Unity one unit block

bard at average human height for Unity default

The miner and some other assets are from GameDeveloperStudio (who I particularly like), and the 2D Jungle Side-Scrolling Platformer Pack, the latter of which is free from the asset store.

unity-scale-and-pixels-per-unit-1920x1080-hd


Mulling it over

On face value, it is simple: 1 unit (one square) in the scene is 1 metre in the game world. So a human will be around 1.75 units tall, while a giraffe would be 2 units tall.

The default setting for PPU is 100, so, for a (now) standard HD 1920×1080 screen setting you have a visible working area of 19.2 x 10.8 unit, which (rounding) is 200 foot x 100 foot (57.6m x 32.4m).

Makes perfect sense, thus far.

But in Unity you add in an image or texture to your sprites – and it all goes to pot. Proverbially and literally, because maths. In game design, it seems, images are not a ‘resolution’ or a ‘height and width’ (as is the case in say web design or printing), but either POT or NPOT.

So, 2n: e.g. 22, 23, 24, 24, … 29
2, 4, 8, 16, 32, 64, 128, 256, 512, 1024, 2048 etc

But also not that simple, ‘cos different algorithms can have different, well, algorithms! In the case of DXT5, while appearing to nod towards POT, and working with NPOT, it also needs it be by perfectly divisible by 4. So, 21 = 2 would presumably fail, ‘cos 2/4 = 0.5, a fraction. 20 is not a power of 2, but 20/4 = 5, so it’s accepted.

In simpler terms, if I am reading this right, a png of size 256 x 256 is great, 512 x 64 pixels is also fine, but an image of size 511 x 64 or, worse, 255 x 255 is going to cause issues. But it’s not even that simple because the game engine wants to change the file, and doesn’t always know how to change it correctly, so it fudges and gets in a tizz.

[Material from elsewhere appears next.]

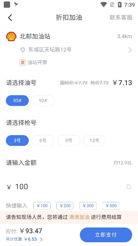 3、挑选油号与枪号后输入金额,若有折扣会显示出来,接着点击立即支付
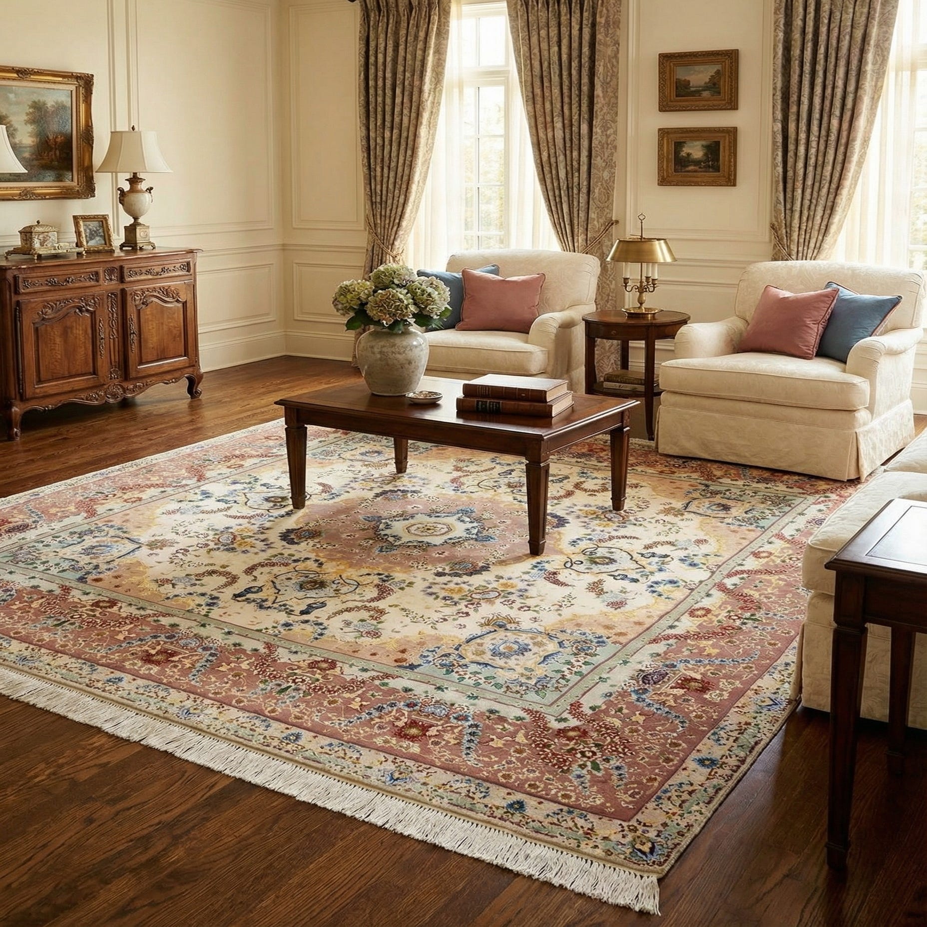 A square 6'4" x 6'8" Persian Tabriz rug with a central medallion, featuring intricate floral patterns in ivory, cream, and brown tones, with a detailed border.

You think, aha, I got this, I’ll import it and set the… Nope.
Try to get software to fudge it and, as Katbits points out (link below), you get glitches. It might look right – until it doesn’t, you see, ‘cos “it depends”. Rather a problem if you aren’t artistically inclined and can’t make your own graphics. But I know a man, so I’ll get him to make them. Only my artistic skills (or lack thereof) are not the problem, ‘cos I’m trying commercial graphics perfectly designed for this purpose. And they are giving me issues. The pictures are not the problem, my ignorance, while a factor, is not the problem. The problem is PPU is a fudge, and it is buggy.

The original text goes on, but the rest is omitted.